Specifically, using electrode as anode, platinum filament as cathode, use dilution heat of sulfuric acid as electrolyte, be in voltage
1-3V, conduction time to carry out electrochemical treatments under conditions of 0.5-1h, make the inside of bisulfate ion molecule insertion electrode, also
It is g-C3N4Inside graphite, make g-C3N4Become larger with the molecular gap of graphite, intercalation configuration is formed, after electrochemical treatments
Electrode collects, and is dried.Optionally, the voltage of electrochemical treatments can be 1V or 2V or 3V, when energization
Between can be 0.5h or 1h or 0.8h etc..
Wherein, voltage is bigger, and conduction time is longer, and bisulfate ion molecule can be made more to enter nitridation carbon molecules and stone
It is more abundant to be stripped carbonitride and graphite between black lamellar structure, obtain graphite phase carbon nitride nanometer sheet and stone
Black alkene nanometer sheet.
Optionally, the concentration of dilution heat of sulfuric acid is 2-5mol/L, such as: concentration can be 2mol/L or 2.5mol/L, or
3mol/L or 3.5mol/L or 4mol/L or 5mol/L.Dilute sulfuric acid electrolyte under this concentration conditions, can be in microwave treatment
When, so that bisulfate ion molecule is decomposed and is gasified rapidly, makes g-C3N4The pressure being subject to graphite is more than the Van der Waals of piece interlayer
Power makes g-C3N4Lamella and graphite flake layer are peeling-off, obtain g-C3N4Nanometer sheet and Nano graphite chip architecture, the g- made
C3N4The specific surface area of/graphene composite material is bigger.
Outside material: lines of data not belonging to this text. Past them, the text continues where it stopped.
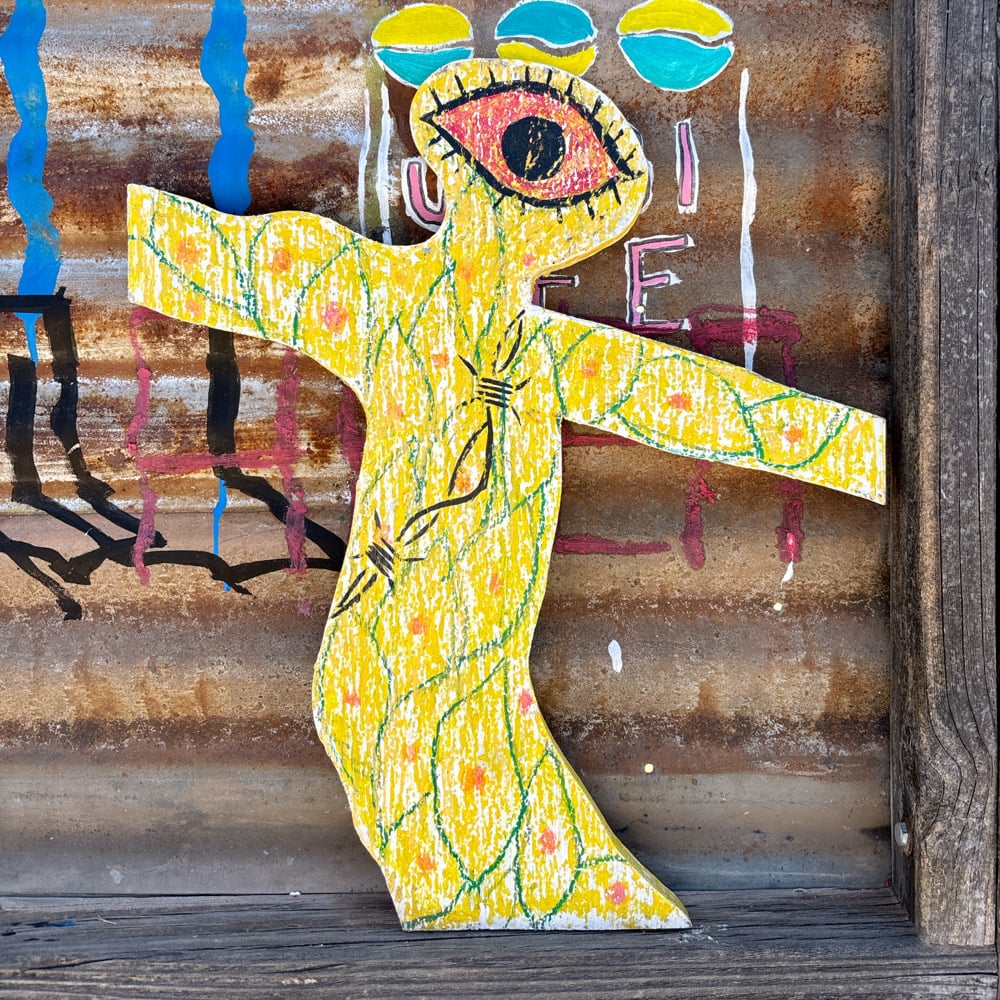 Acrylic and oil pastels on wooden panel. Roughly 18” tall by 16" wide. Perfect gift for the weirdo in your crew.
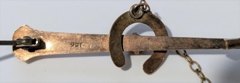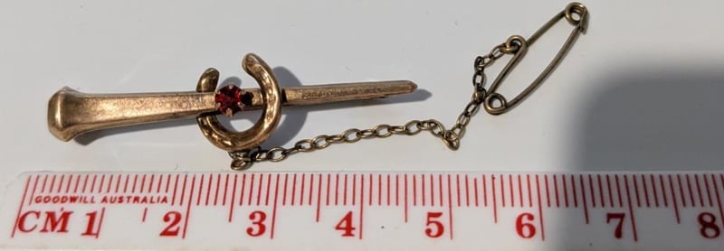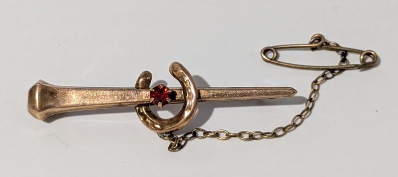 9CT GOLD VINTAGE HORESHOE & NAIL BROOCH WITH SAFETY CHAIN
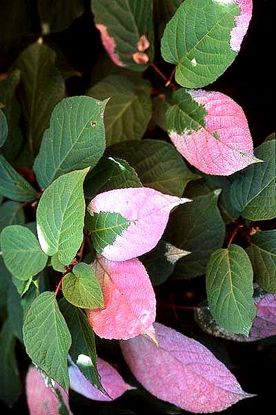 Actinidia – aka Kiwi. Best known for the multicoloured leaves of kolomitka which does not fruit. I am currently growing male and female deliciosa plants, which has large green almost furry leaves in the hope of getting fruit in a few years time. Sun, fertile, well drained soil, shelter from strong winds, frost hardy. |

In another embodiment, electrolyte is perchloric acid solution, and the concentration of perchloric acid solution is 3-4mol/L, such as:
Concentration can be 3mol/L or 3.2mol/L or 3.5mol/L or 3.8mol/L or 4mol/L.Perchloric acid molecule enters g-
C3N4Lamella and graphite lamellar structure in after, by subsequent microwave treatment, also can fast decoupled and volatilization, so as to g-
C3N4The removing of lamella and graphite flake layer.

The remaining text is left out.